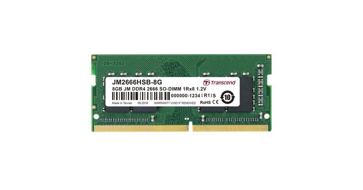 Transcend JM2666HSB-8G, 8 GB, 1 x 8 GB, DDR4, 2666 MHz, 260-pin SO-DIMM
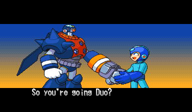 | Mega Man, Proto Man Team | - Mega Man, Duo Team - | Proto Man, Bass Team | | Bass, Mega Man Team | Bass, Duo Team | Duo, Proto Man Team | | Solo Play | - Team Play - | |
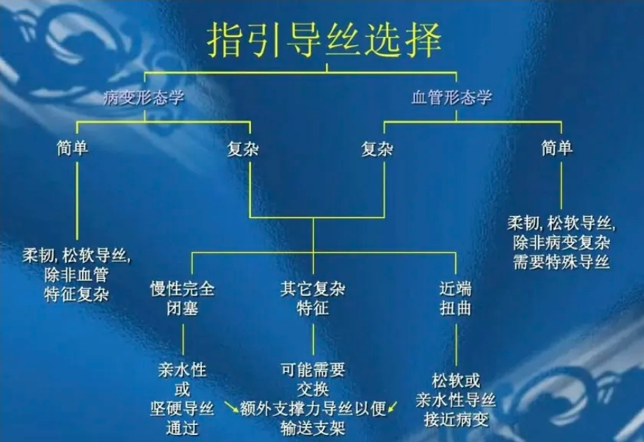 导丝是冠状动脉介入的基本器械之一,用于进入冠状动脉或跨过迂曲、钙化、狭窄、侧枝循环到达目标,建立轨道输送球囊、支架和微导管;对于导丝升级或者降级的技术打开冠状动脉闭塞病变;预入冠状动脉分支作防护及路标功能等等。
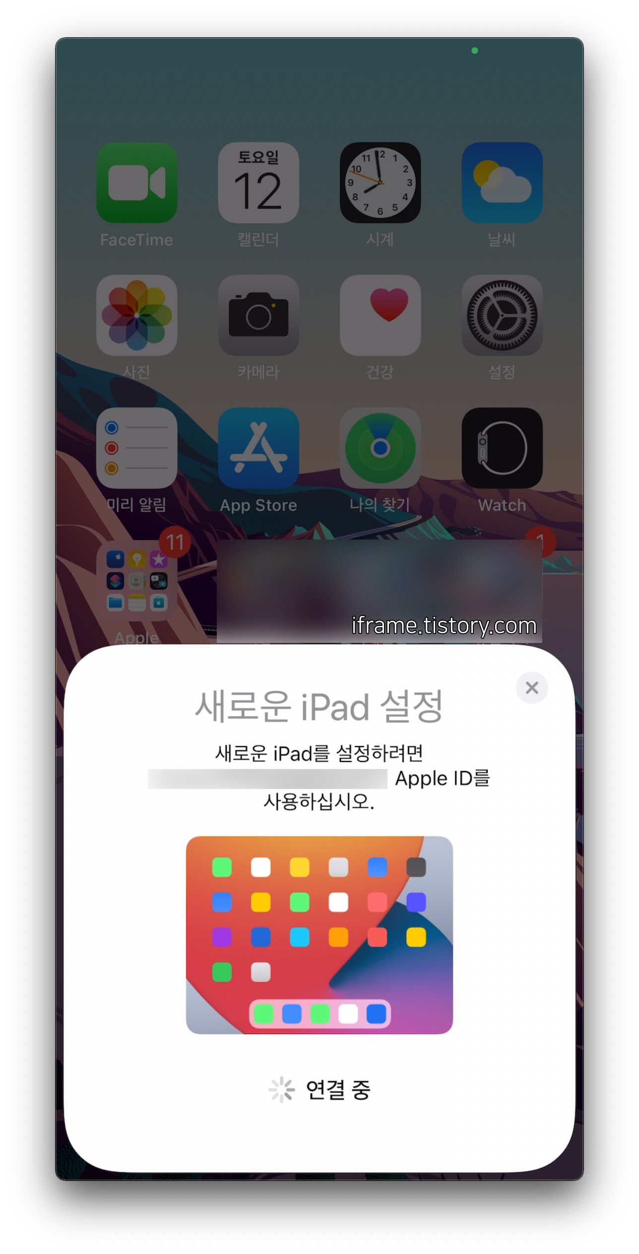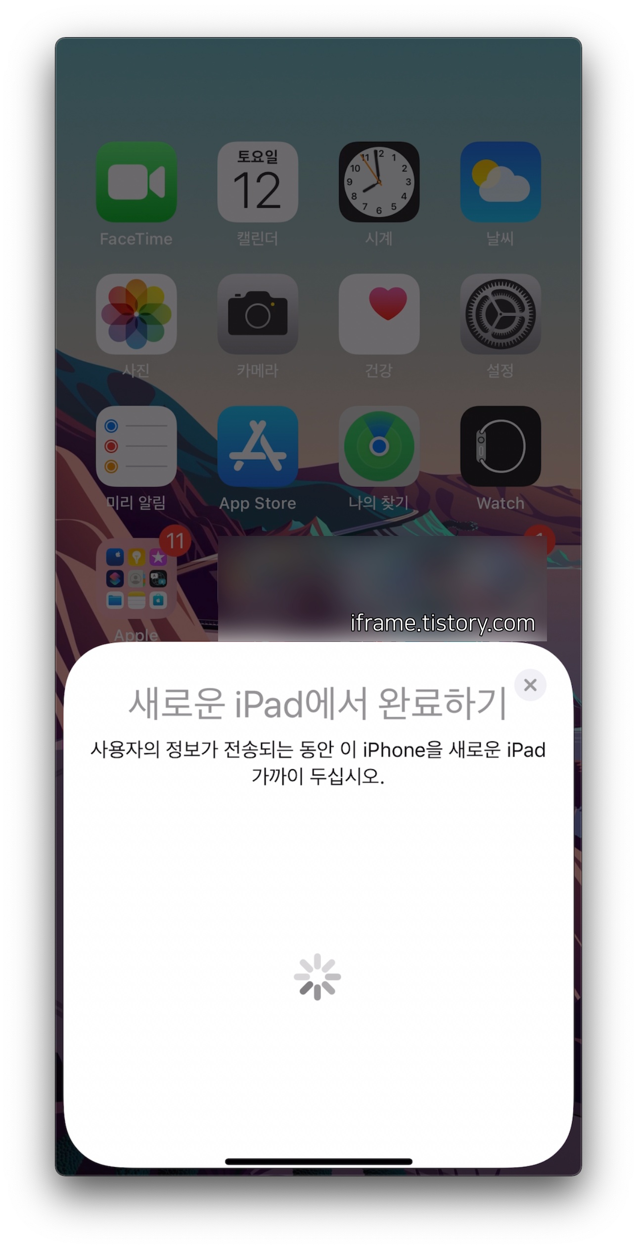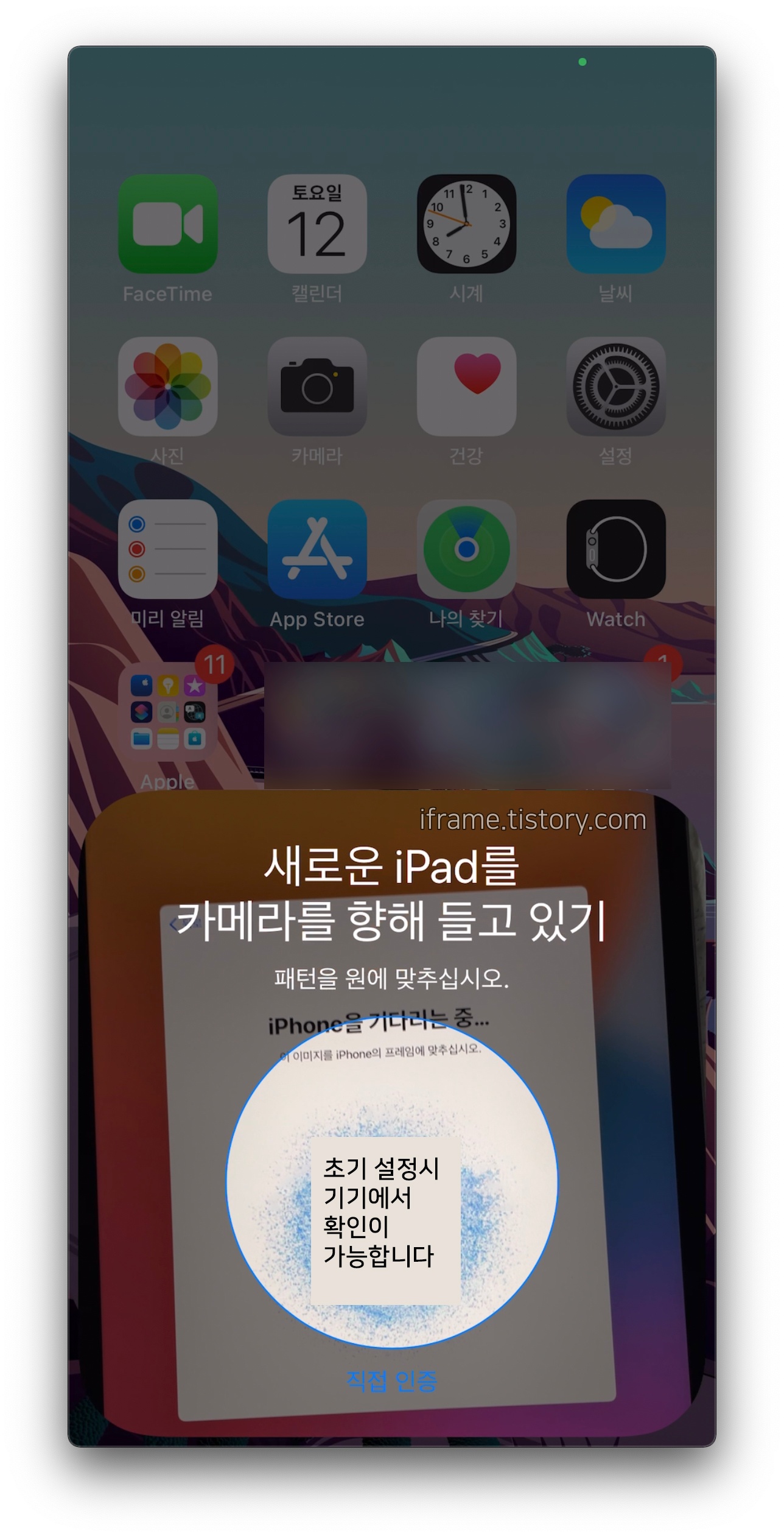 - 그런 다음, 사진과 같이 '새로운 iPad 설정'이란 팝업이 뜨면 버튼을 눌러준 후, iPad에 뜬 화면을 iPhone으로 스캔합니다.
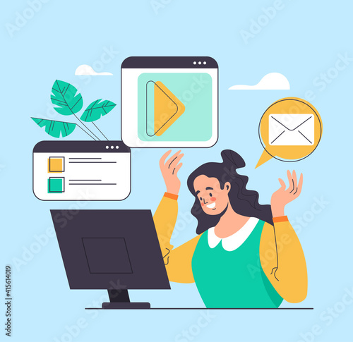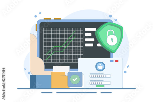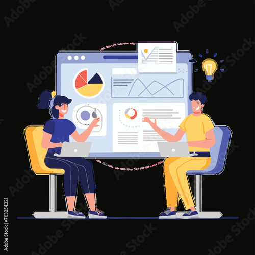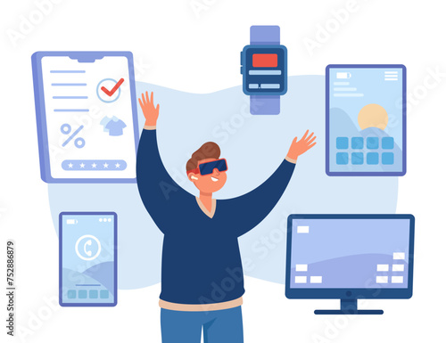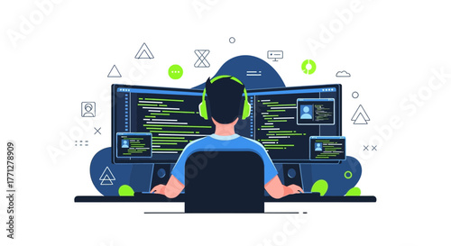 Успешный бизнесмен, трейдер смотрит на компьютерные мониторы, сидя за столом трейдера с поднятыми руками, плоская векторная иллюстрация. Фондовый рынок, инвестиции и трейдинг.

□ □ □ □

* WORK ITEM:
Your copy must start at the line that holds "导丝是冠状动脉介入的基本器械" and end at the last line of the data, both included; it must contain no pictures.

* SOLUTION TO THIS EXERCISE:
 导丝是冠状动脉介入的基本器械之一,用于进入冠状动脉或跨过迂曲、钙化、狭窄、侧枝循环到达目标,建立轨道输送球囊、支架和微导管;对于导丝升级或者降级的技术打开冠状动脉闭塞病变;预入冠状动脉分支作防护及路标功能等等。
 - 그런 다음, 사진과 같이 '새로운 iPad 설정'이란 팝업이 뜨면 버튼을 눌러준 후, iPad에 뜬 화면을 iPhone으로 스캔합니다.
 Успешный бизнесмен, трейдер смотрит на компьютерные мониторы, сидя за столом трейдера с поднятыми руками, плоская векторная иллюстрация. Фондовый рынок, инвестиции и трейдинг.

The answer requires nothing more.